Surprising but interesting duplicated clusters

Question

Surprising but interesting duplicated clusters

Jiawei-Yang opened this issue 3 years ago · 1 comments

Hi, thanks for your brilliant work!

I have found an interesting fact that many of the learned prototypes are duplicated.

I began with the question "how well do all the learned prototypes scatter?". So I downloaded the best pre-trained model from this link.
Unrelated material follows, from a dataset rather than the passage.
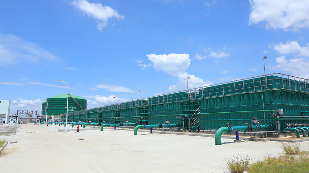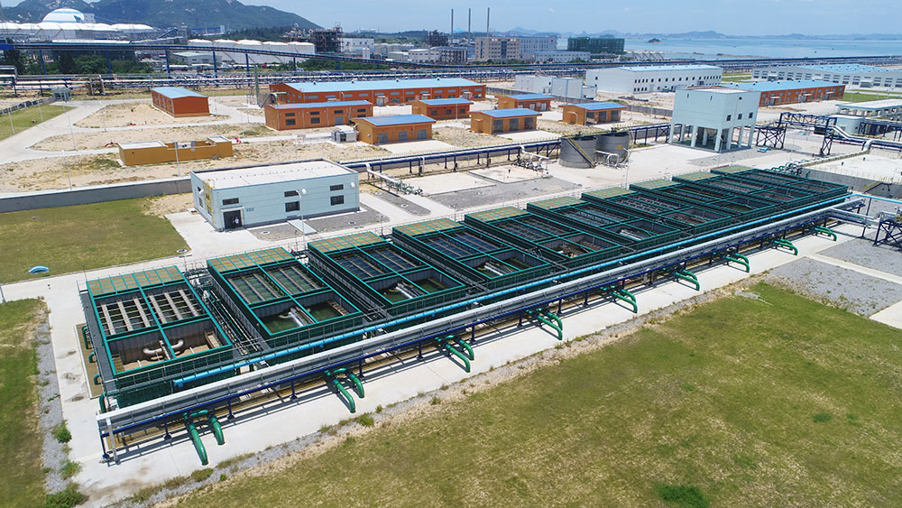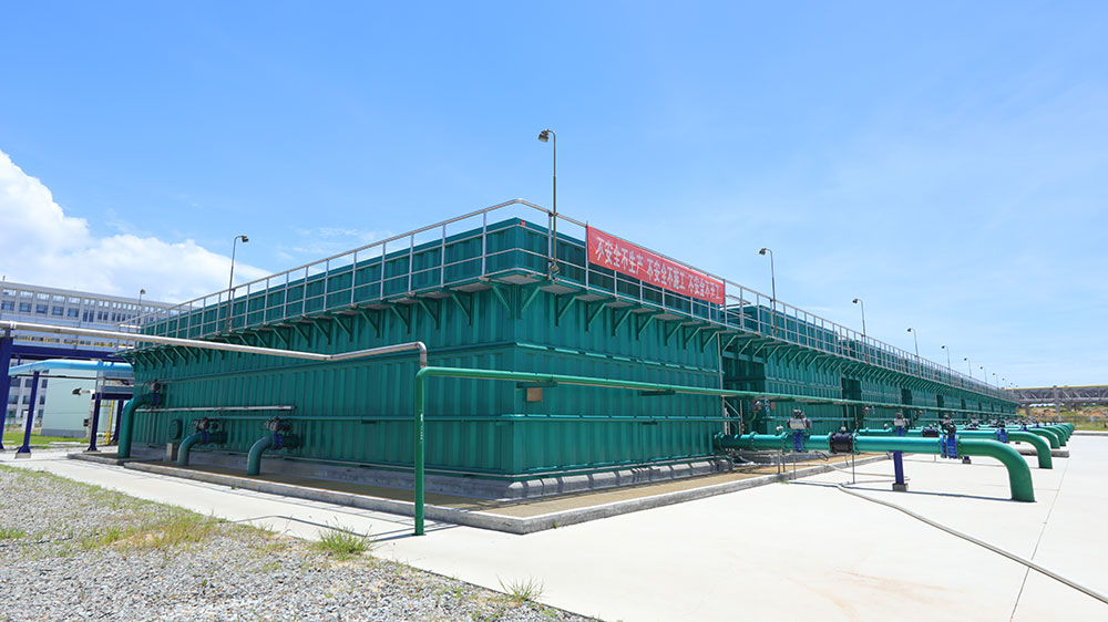 福建漳州古雷煉化一體化項(xiàng)目:位于福建省漳州市古雷半島,建設(shè)規(guī)模10萬(wàn)噸,采用了絮凝、沉淀、過(guò)濾、消毒工藝,原水輸送至凈水廠后,通過(guò)入水管道上的管道混合器投加絮凝劑并進(jìn)行充分混合后,經(jīng)絮凝、沉淀、過(guò)濾后重力流輸送至清水池,通過(guò)傳輸泵將凈化水轉(zhuǎn)輸至生產(chǎn)給水系統(tǒng)。當(dāng)模塊化凈水設(shè)備過(guò)濾水頭損失達(dá)到一定程度時(shí),自動(dòng)開(kāi)啟反沖洗水泵及風(fēng)機(jī),對(duì)凈水設(shè)備進(jìn)行氣水反沖洗。

Interestingly, when I computed the pairwise cosine similarity among all prototypes, multiple pairs of prototypes have similarity scores of 1's and turn out to be the same.

Here is the code.

import torch
import torch.nn.functional as F


model = torch.load('swav_800ep_pretrain.pth.tar', map_location='cpu')
protos = model['module.prototypes.weight'] # (3000,128)
similarity = protos @ protos.T  # (3000,3000)
non_diag = similarity - torch.eye(3000) # This matrix should contain pairwise cosine similarity of non-identical clusters.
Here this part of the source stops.